Pickett did do decent here, but he wasn't tops in the class. The table below shows each player's AY/A in the games where they faced top-50 defenses by SP+.
Quarterback | AY/A vs. Top 50 |
---|---|
Desmond Ridder | 9.1 |
Kenny Pickett | 8.9 |
Sam Howell | 8.1 |
Carson Strong | 7.9 |
Matt Corral | 7.9 |
Malik Willis | 5.9 |
Ridder's leading this list may be a surprise. He has gotten dinged for his performance against Alabama in the semifinal, and it's fair criticism; Ridder didn't play well there. But he showed up in other spots.
The two big ones were against Notre Dame and Houston, two massive games in Cincinnati's run to the playoffs. In those, Ridder turned 49 attempts into 487 yards, 5 touchdowns, and 0 picks. If he doesn't light it up there, he likely doesn't even get the chance to disappoint against Alabama because Cincinnati wouldn't have made it that far. It's fine to lower Ridder for the Alabama game, but we shouldn't forget about the plus showings, too.
For Willis, his 5.9 AY/A against top-50 defenses is concerning. It would be the fifth-lowest mark for a first-rounder since 2010 if he goes that high, and two of the guys worse than him -- Jordan Love and Paxton Lynch -- are not models you want to follow. You can pin it on the supporting cast if you want, but other quarterbacks have dealt with similar woes and had better efficiency marks than Willis'.

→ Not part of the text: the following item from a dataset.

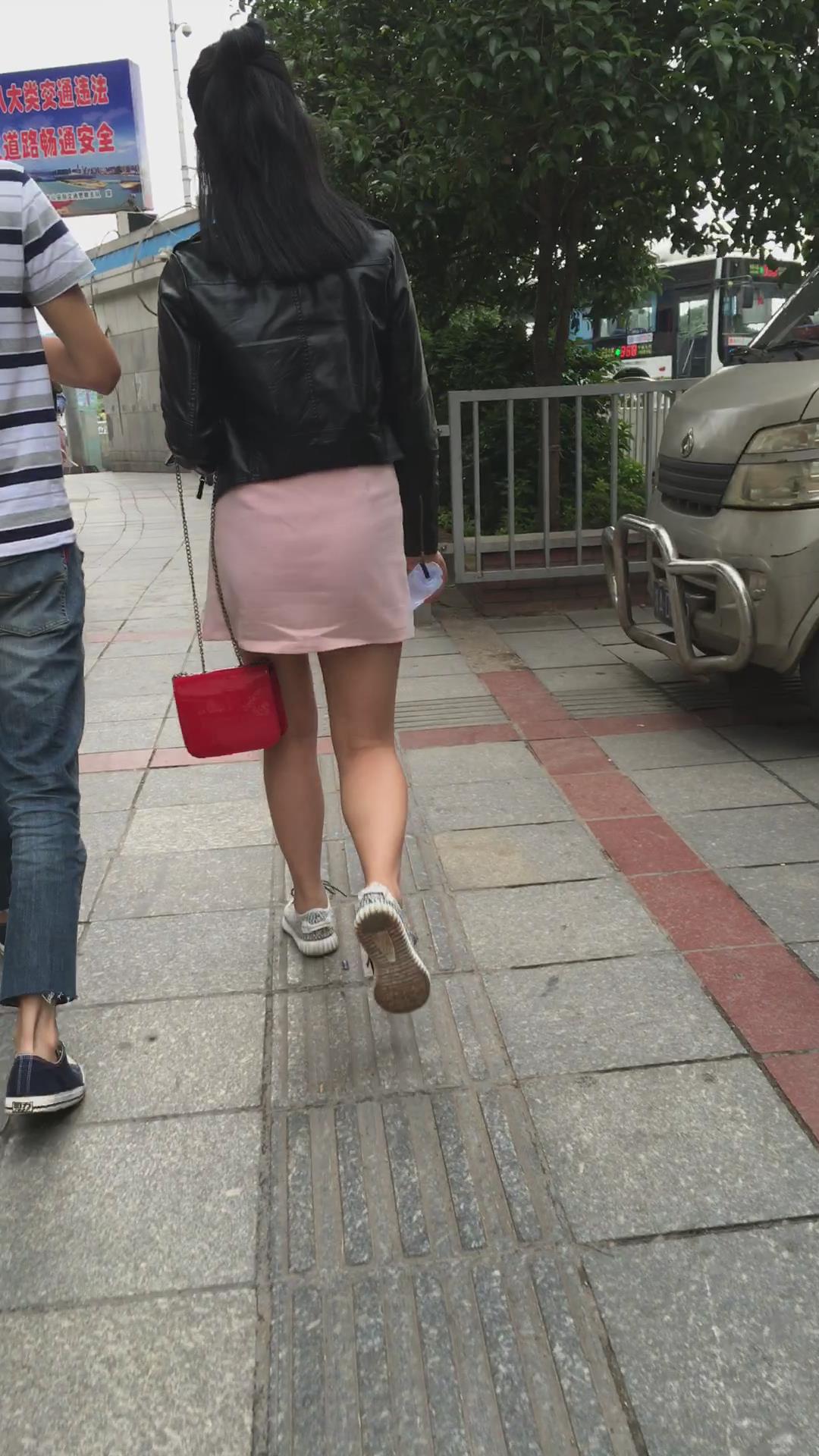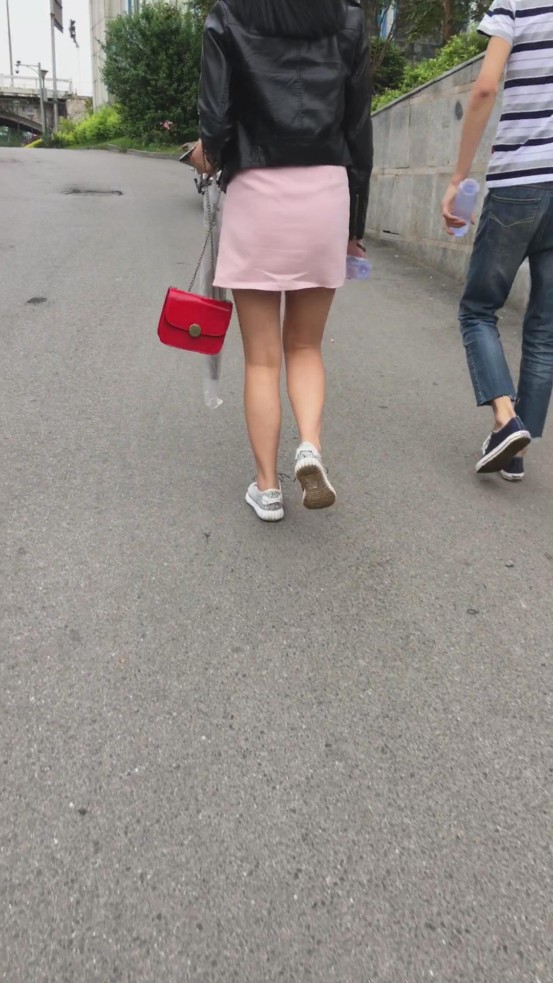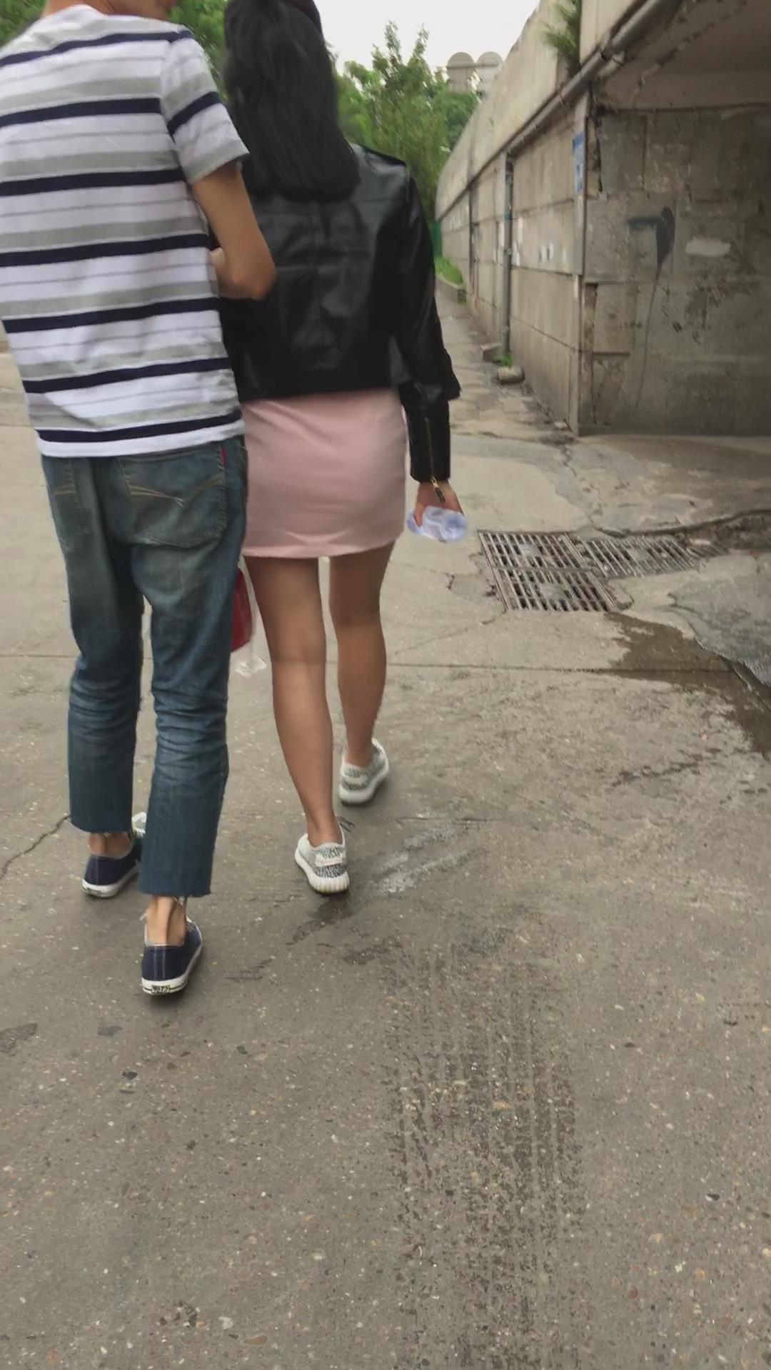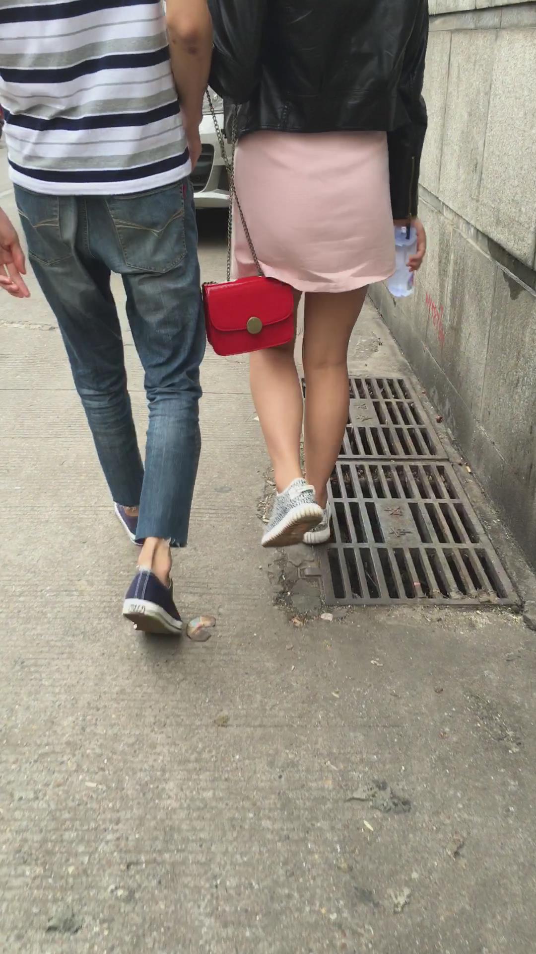 跟拍粉色短裙美眉,跟小男友逛街一脸甜蜜 编号2349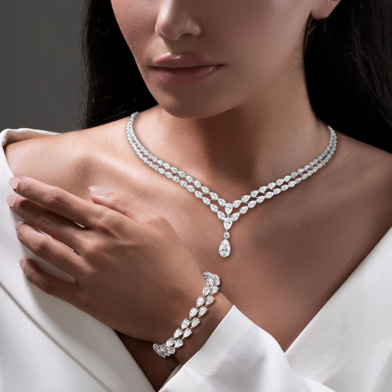 • Pear Cut White Sapphire Necklace & Bracelet Set For Women

But as discussed in the original piece, none of this means Willis can't succeed. It just impacts the odds he does so.
One of the players with a worse AY/A against top-50 defenses than Willis is Allen, a player with plenty of skill overlap with Willis. Allen's AY/A was 1.8, the third-worst mark for a drafted FBS quarterback since 2010. The other player other than Allen, Love, and Lynch with a worse AY/A against top-50 defenses than Willis is Ryan Tannehill, who has shown flashes of upside, as well.
Allen was a worse prospect than Willis coming out and has turned into one of the game's brightest stars. The traits that led him there are traits that Willis also possesses. This is why it's hard to blame a team if they decide to roll the dice on Willis early in the draft. It's just tough to bank on outliers hitting consistently, and with Willis' overall collegiate resume shaping up the way it does, this would, indeed, be another outlier bet.